Zanim jednak produkt trafił do pierwszych graczy, Chahi potrzebował muzyki. Wiedział, że tytuł tak wyjątkowy, będzie musiał być opatrzony specjalną ścieżką dźwiękową. Z pomocą przyszedł mu przyjaciel. Jean-François Freitas miał przed sobą trudne zadnie, bo i pomysłodawca Another World miał swoją własną wizję. Jak benchmark podał muzykę z filmu Powrót do przyszłości, a w szczególności fragment z mocnym i rytmicznym basem przywodzącym na myśl wojskowy marsz. Zresztą Chahi miał wiele pomysłów, które były trudne do zrealizowania. Chciał na przykład umieścić na końcu rozgrywki gitarowe solo, ale nie udało się skomponować nic, co pasowałoby do charakteru gry.

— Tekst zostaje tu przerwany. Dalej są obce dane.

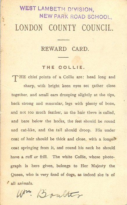 back:- THE COLLIE. THE CHIEF POINTS OF THE COLLIE ARE: HEAD LONG AND SHARP, WITH BRIGHT KEEN EYES SET RATHER CLOSE TOGETHER, AND SMALL EARS DROOPING SLIGHTLY AT THE TIPS//ANIMALS
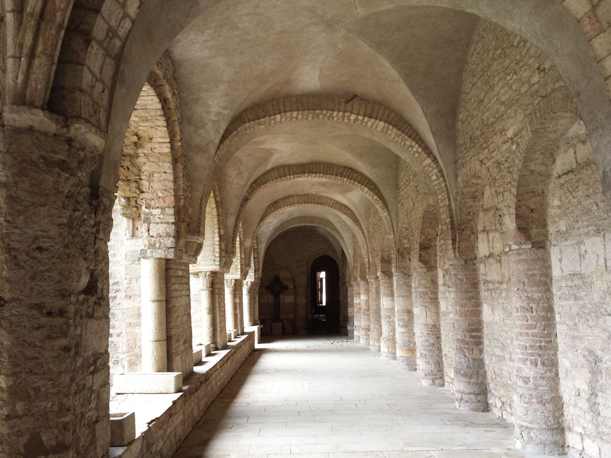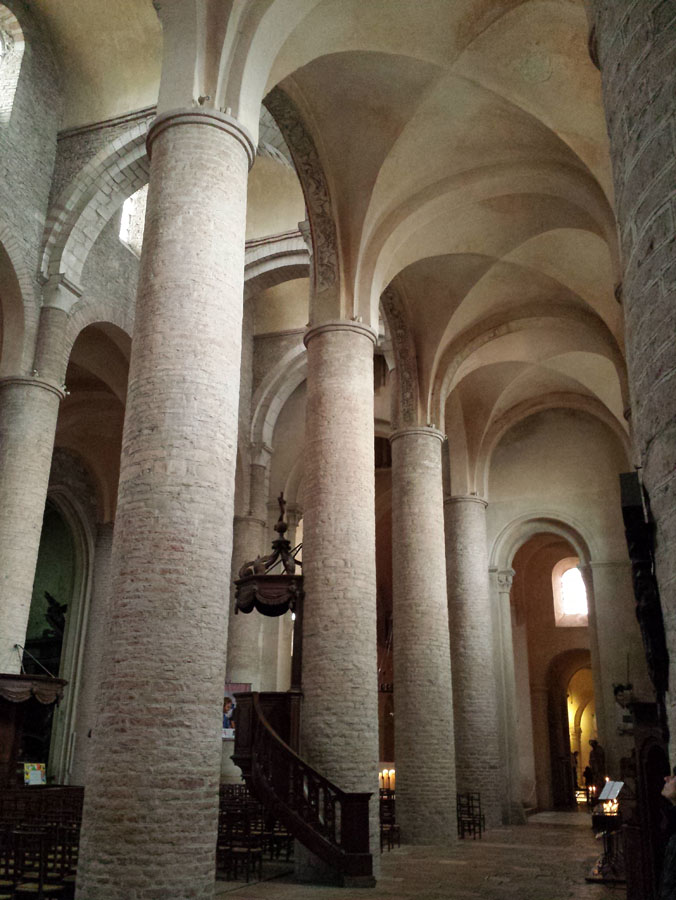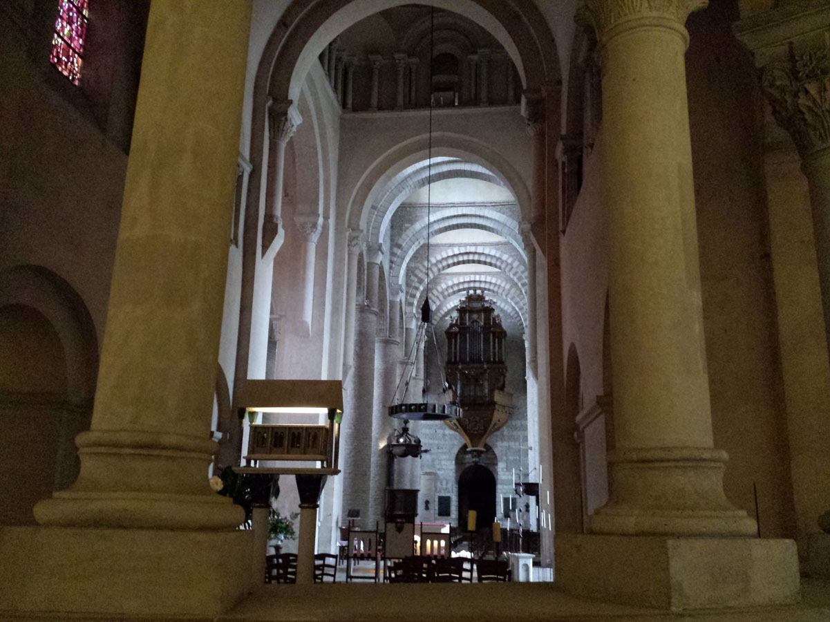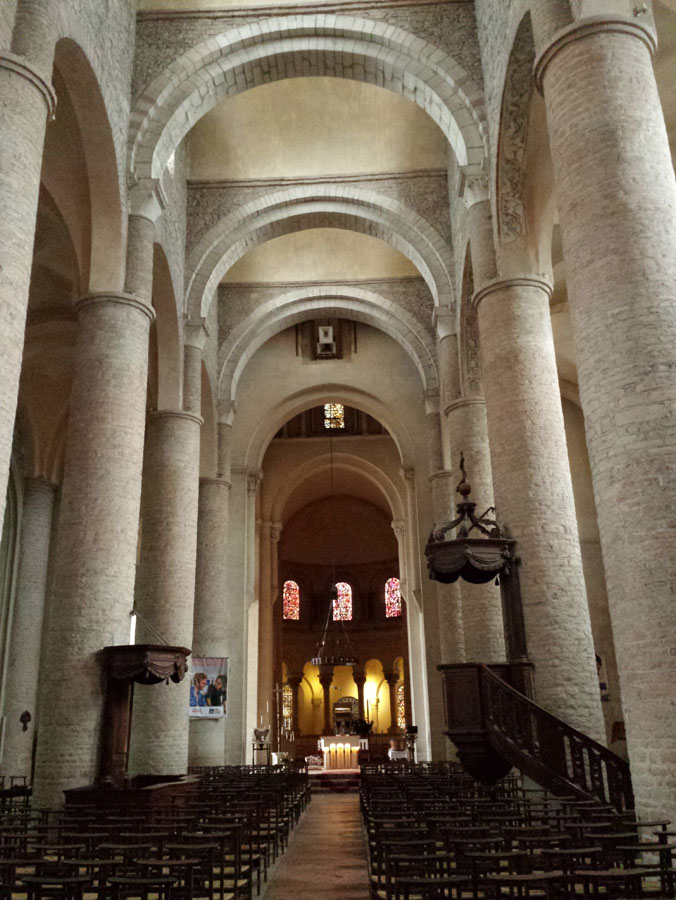On entre dans un imposant vestibule (le narthex), un endroit très sombre, avec d’imposants piliers ronds de pierres brutes; on descend quelques marches pour pénétrer dans la nef centrale par une allée surprenante de luminosité – pour une église romane. On admire la hardiesse des voûtes (plus de 18 mètres !), l’impression est étonnante. Une technique de voûtage pratiquement unique a été mise en œuvre: la voûte en berceau transversal. Chacune des 5 travées est couverte d’une voûte de pierre en plein cintre, dans sa largeur, s’appuyant ainsi sur sa voisine au lieu de peser lourdement sur les murs latéraux.

Dźwięki słyszane w grze powstawały oczywiście metodą chałupniczą i przy użyciu np. rozwalanych o ścianę pomidorów czy wypełnionych płynem gąbek.

Another World

Pomysłodawca tytułu umieścił w nim kilka smaczków, które nawet ciężko zauważyć. W jednej ze scen widać postać, której ruch jest lekko rozmazany. Teki efekt często używany jest w mangach oraz anime, a Chahi był wtedy na etapie fascynacji Dragon Ball i postanowił to wykorzystać. Fascynację widać także w chwili, kiedy ładowana jest broń głównego bohatera, a przed lufą pojawia się coraz większa kula. Toć to nic innego, jak słynne Kamehame-Ha.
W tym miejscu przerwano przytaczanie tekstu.